The song ends with a two-line coda, which summaries the song in one line and expresses a distant hope in the second.

Đời hai lần ta bỏ quê bỏ nước
Phải nuôi ngày sau về ôm tổ quốc.

Twice in our lives, we have left home and country.
Build our spirit so we’ll return to our fatherland. 

There have been a number of other recordings, including at least two by Khánh Ly.  Phạm Duy returned to Vietnam and lived out the last ten years of his long and productive life.
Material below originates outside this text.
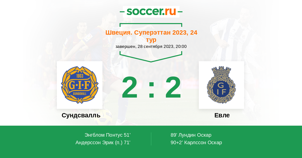 Гол90+2' (2:2) Карлссон Оскар (23)

In that, one could say that he reconciled his past and present.  It is different in the diaspora, however, and this song still carries solid anticommunist contents.  But I also have a feeling that it has been performed live as memorialization of the profound experience of separation, which is related to yet isn’t the same as anticommunism.

However is the case, there’s no question that it is still very much alive as a refugee song in Little Saigons throughout the diaspora.  Below is a live performance at a fundraising event organized by a Vietnamese Buddhist temple in suburban Toronto.  It is preceded by a short introduction by the MC Giáng Ngọc, daughter of the composer of the #7 song on my list.

A valuable work of art should outlive the artist.  Having written so many great songs, especially a number of love tunes that are standards, Phạm Duy’s reputation should live into the next century.  As for this song, I predict that it will last for at least two more decades, possibly more, due to the historicity of its artistry.  We’ll see.